A Don Enrique se le daban bien los niños, nos gustaban sus clases y la misa especial de los domingos, la más concurrida.
Los viernes, en clase de religión, hacía juegos y concursos para motivarnos a aprender el catecismo. Aquél día las tres filas de pupitres formaban sendos equipos y cada uno tenía que responder a sus preguntas, el que lo hacía bien seguía contestando la siguiente pregunta, y así hasta que no sabía más y pasaba al siguiente equipo.
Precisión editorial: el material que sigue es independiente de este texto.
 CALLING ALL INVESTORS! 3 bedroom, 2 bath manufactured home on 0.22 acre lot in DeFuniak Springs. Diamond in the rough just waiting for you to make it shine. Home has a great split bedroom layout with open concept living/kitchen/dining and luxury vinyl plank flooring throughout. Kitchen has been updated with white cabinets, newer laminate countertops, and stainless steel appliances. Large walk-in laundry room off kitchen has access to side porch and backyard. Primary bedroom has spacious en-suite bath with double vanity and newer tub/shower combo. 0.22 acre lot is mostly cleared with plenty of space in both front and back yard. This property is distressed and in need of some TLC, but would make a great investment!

Ganaba, obviamente, quien más respuestas acertase.
Entonces, Don Enrique preguntó cuál era el nombre del apóstol San Pedro antes de ser apóstol.
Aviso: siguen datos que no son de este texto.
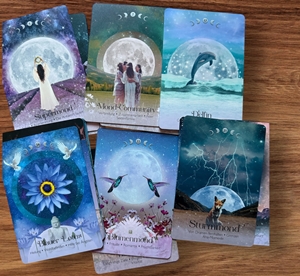 Die wunderschönen Karten sind im Collagenstil gehalten und zeigen unterschiedliche Aspekte des Mondes und sind in Mondkarten, Mondtiere, Mondgöttinnen, Mondpflanzen und 12 Vollmonde des Jahres unterteilt.
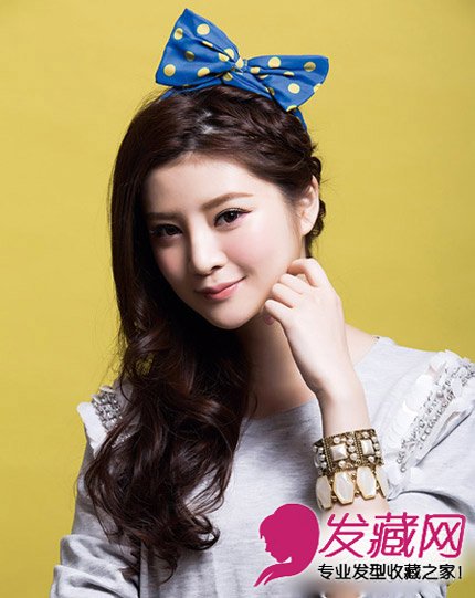 自然随意的摆动在肩头,散发出无尽的甜美气息。搭配一只蓝色波点蝴蝶结发饰,活力十足。

Después de tres rondas nadie lo sabía... entonces yo cerré los ojos y pensé "Dios ¿cuál era?" , una voz en mi cabeza dijo "Simón". Yo misma me extrañé porque Simón no me sonaba nada y cuando la pregunta volvió a nuestro equipo yo no respondí, pero finalmente como nadie contestaba levanté tímidamente la mano y lo dije: "Simón" con poca voz y mucha vergüenza.
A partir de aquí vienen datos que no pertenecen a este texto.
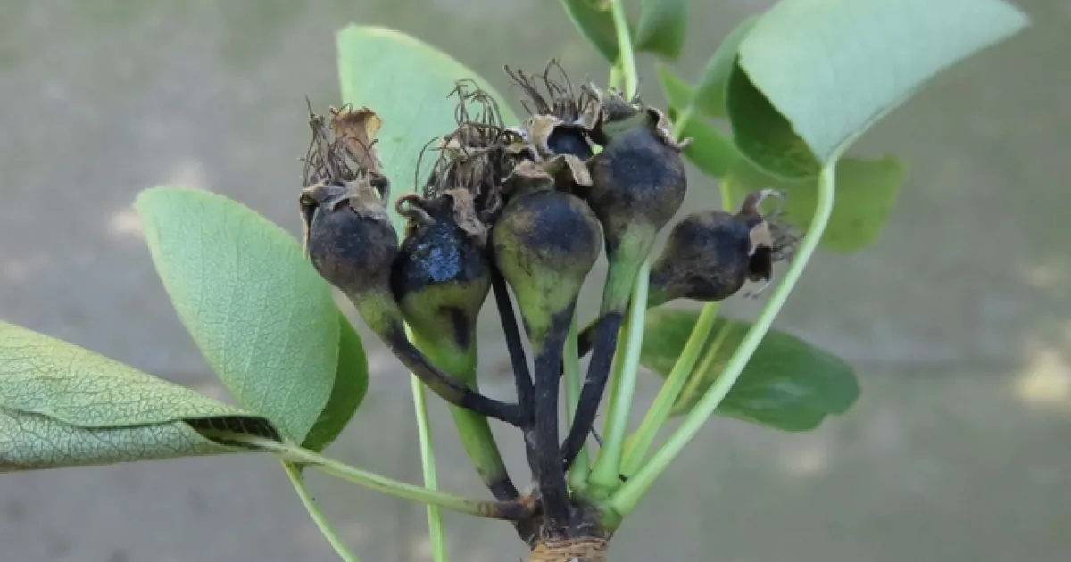 The first sign of fire blight is often the blackening of flowers, shoots or leaves followed by a watery, light tan ooze from affected shoots. Open flowers are the most common infection site and remain susceptible until petal fall.
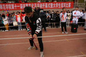 大庆虽进入了5月,但天气仍有丝丝凉意,然而前来助威加油的人仍不在少数,使赛场氛围十分热烈。每当比赛开始的哨声响起时,队友们全都紧握绳子,憋足了劲把绳子往后拉。口中一起高呼“一二,一二”,辅导员们也在队伍旁边助阵加油!各院系的同学们自发的组成了拉拉队,为本院队员加油。呐喊声此起彼伏,飘荡在整个体育场上空,这使得整个场面既激烈又温馨。裁判们依据公平公正的原则,参赛人员本着“友谊第一,比赛第二”的原则,整场比赛进行有序。经过四轮的激烈角逐,最终机电工程公司获得冠军,计算机科学与信息技术公司获得亚军。

Don Enrique nos dio el punto, como la cosa más natural del mundo.
Yo no me lo podía creer, por eso al terminar la clase fui a hablar con él ¡quien si no me iba a entender! y le conté: "Don Enrique, verá usted, yo no sabía esa respuesta pero una voz la puso en mi cabeza y me sorprendí tanto al acertar... creo que Dios me ha hablado". Don Enrique soltó una gran carcajada y dijo "claro que lo sabías, no digas tonterías" siguió recogiendo sus cosas y se fue.
Desde entonces no me fío de los curas.